_Aim of the task:_
Everything from the line holding "Mixed Seafood and" to the last line of the material below must be retyped exactly, minus any pictures.

----------

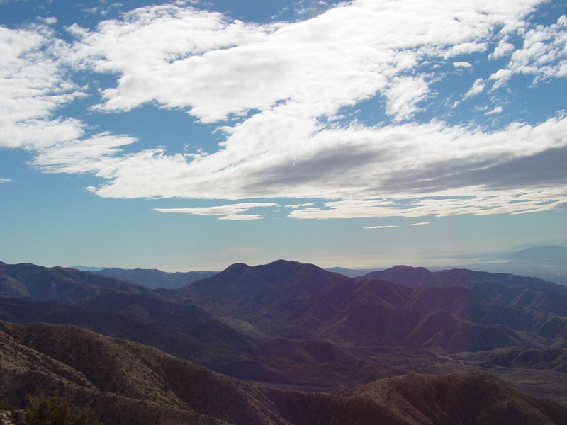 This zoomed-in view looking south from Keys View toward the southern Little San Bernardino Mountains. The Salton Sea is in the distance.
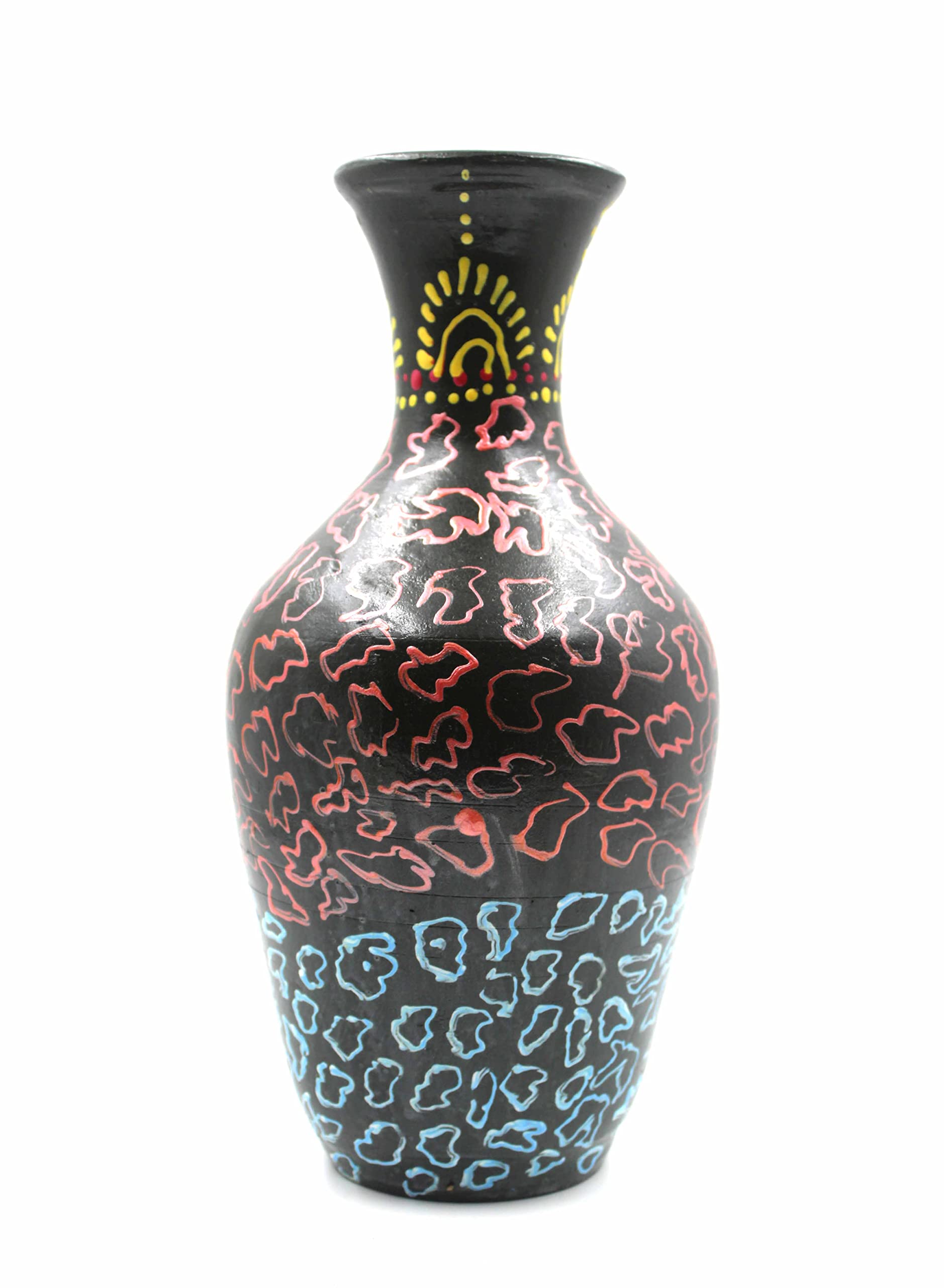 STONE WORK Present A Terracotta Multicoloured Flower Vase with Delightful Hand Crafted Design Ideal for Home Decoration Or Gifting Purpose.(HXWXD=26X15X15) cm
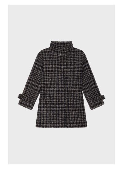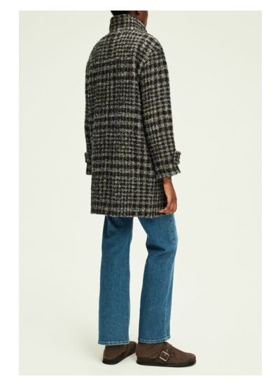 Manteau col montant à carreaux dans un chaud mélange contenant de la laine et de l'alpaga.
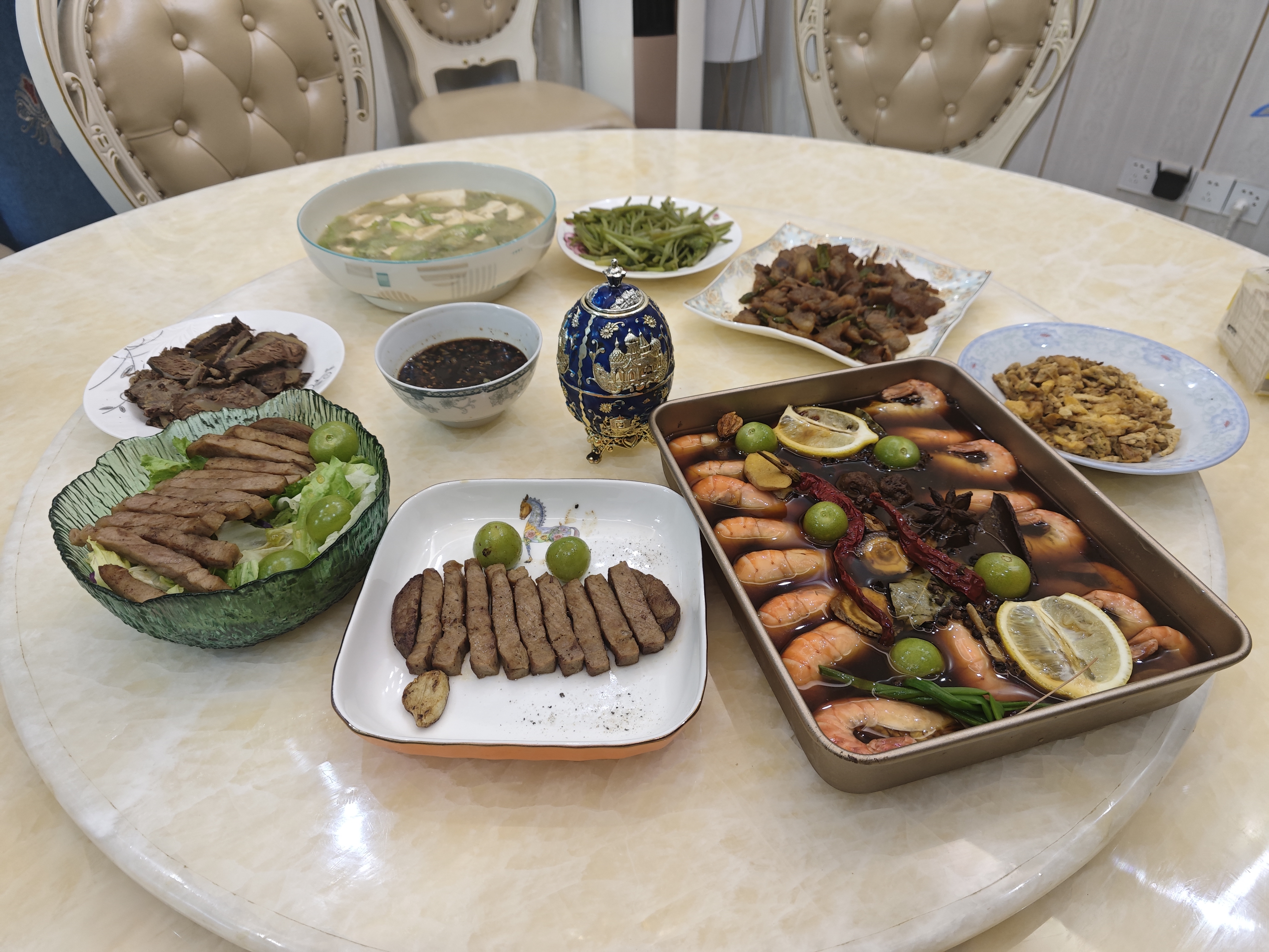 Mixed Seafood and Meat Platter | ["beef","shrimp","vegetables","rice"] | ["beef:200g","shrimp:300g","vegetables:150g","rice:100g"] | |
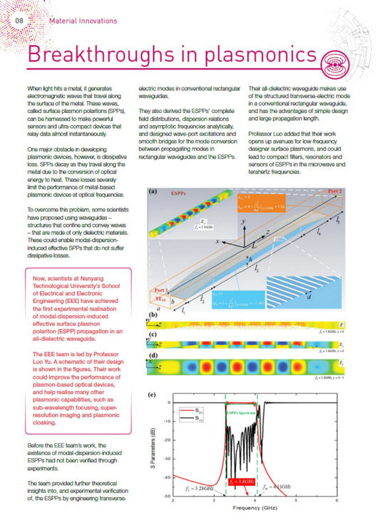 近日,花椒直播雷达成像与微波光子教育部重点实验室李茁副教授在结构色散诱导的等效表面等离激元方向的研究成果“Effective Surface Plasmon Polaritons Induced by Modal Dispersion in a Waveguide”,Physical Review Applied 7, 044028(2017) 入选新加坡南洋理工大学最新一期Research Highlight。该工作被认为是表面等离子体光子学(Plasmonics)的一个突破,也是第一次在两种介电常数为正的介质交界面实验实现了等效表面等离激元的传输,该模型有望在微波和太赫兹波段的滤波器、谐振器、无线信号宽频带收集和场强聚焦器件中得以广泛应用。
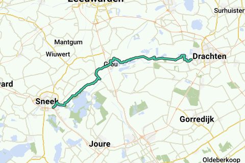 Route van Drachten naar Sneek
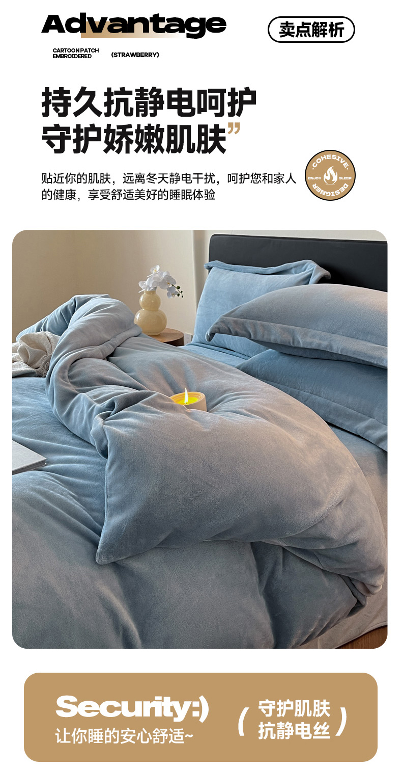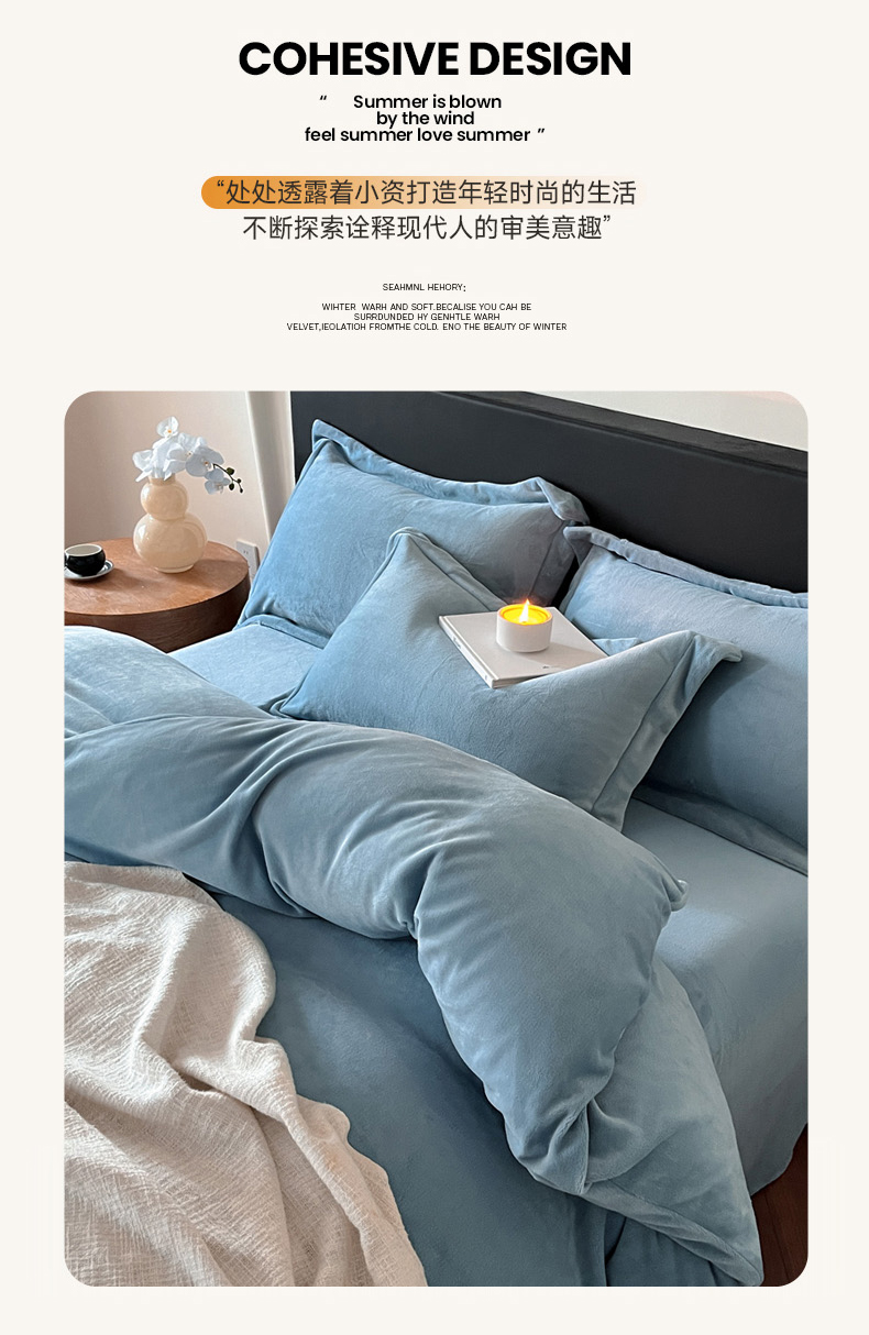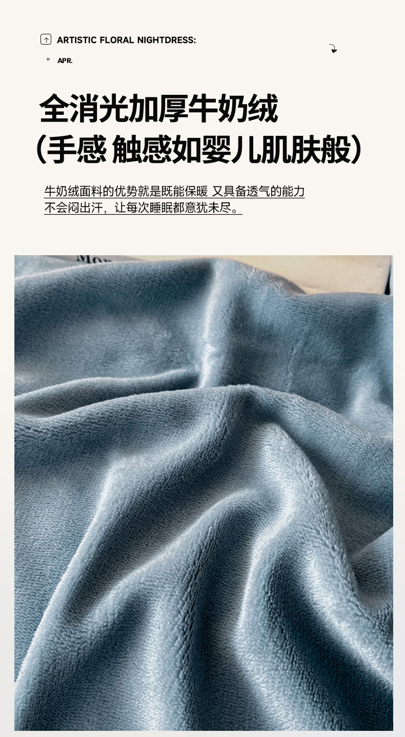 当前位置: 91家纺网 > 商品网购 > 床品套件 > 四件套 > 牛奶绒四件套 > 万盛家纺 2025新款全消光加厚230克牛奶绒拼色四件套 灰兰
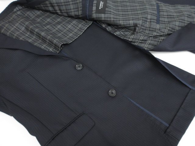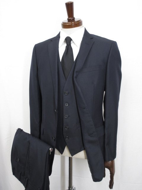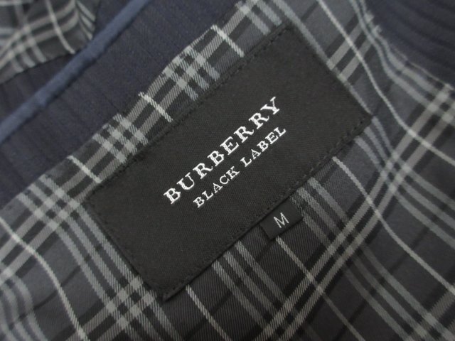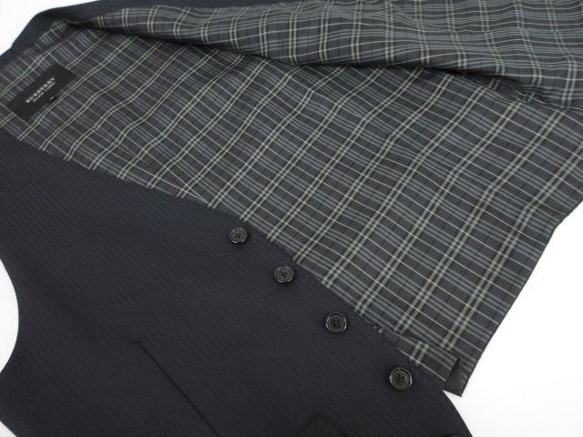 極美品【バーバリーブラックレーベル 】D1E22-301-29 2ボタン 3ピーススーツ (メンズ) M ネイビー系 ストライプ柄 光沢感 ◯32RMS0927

----------

_Written reply:_
 Mixed Seafood and Meat Platter | ["beef","shrimp","vegetables","rice"] | ["beef:200g","shrimp:300g","vegetables:150g","rice:100g"] | |
 近日,花椒直播雷达成像与微波光子教育部重点实验室李茁副教授在结构色散诱导的等效表面等离激元方向的研究成果“Effective Surface Plasmon Polaritons Induced by Modal Dispersion in a Waveguide”,Physical Review Applied 7, 044028(2017) 入选新加坡南洋理工大学最新一期Research Highlight。该工作被认为是表面等离子体光子学(Plasmonics)的一个突破,也是第一次在两种介电常数为正的介质交界面实验实现了等效表面等离激元的传输,该模型有望在微波和太赫兹波段的滤波器、谐振器、无线信号宽频带收集和场强聚焦器件中得以广泛应用。
 Route van Drachten naar Sneek
 当前位置: 91家纺网 > 商品网购 > 床品套件 > 四件套 > 牛奶绒四件套 > 万盛家纺 2025新款全消光加厚230克牛奶绒拼色四件套 灰兰
 極美品【バーバリーブラックレーベル 】D1E22-301-29 2ボタン 3ピーススーツ (メンズ) M ネイビー系 ストライプ柄 光沢感 ◯32RMS0927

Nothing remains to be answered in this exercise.